### WHAT NEEDS TO BE DONE
Starting at the first line of the listing below, retype each line up to and including the one that contains "Декоративные колпачки клапанов, хромированные.". Leave pictures out.

### INFORMATION PROVIDED

Start of Block

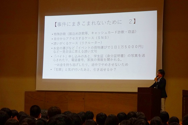 山本先生は、18歳で成人になるにあたっての心構えや注意点について、具体的な例を交えながらお話しくださいました。
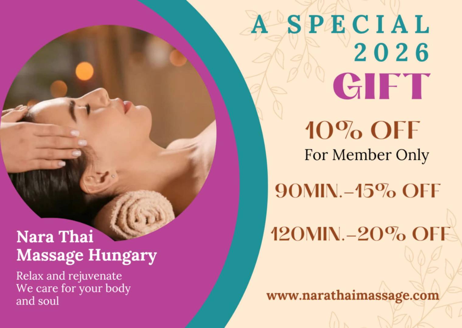 - 120-minute massage: 20% off
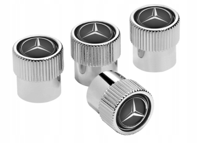 Декоративные колпачки клапанов, хромированные. Тисненый логотип в виде звезды спереди под прозрачным пластиком. Набор из 4 штук в блистере. Также подходит для клапанов контроля давления в шинах.
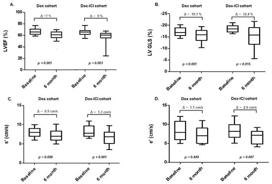 Changes in echocardiographic parameters after chemotherapy. (A,B) reveal that LVEF and LVGLS were significantly reduced after chemotherapy in both cohorts. (C,D) show that tissue Doppler imaging velocities (S’ and e’) were significantly decreased in the Dox-ICI cohort, but not in the Dox cohort.

End of Block

### ANSWER BOX
 山本先生は、18歳で成人になるにあたっての心構えや注意点について、具体的な例を交えながらお話しくださいました。
 - 120-minute massage: 20% off
 Декоративные колпачки клапанов, хромированные. Тисненый логотип в виде звезды спереди под прозрачным пластиком. Набор из 4 штук в блистере. Также подходит для клапанов контроля давления в шинах.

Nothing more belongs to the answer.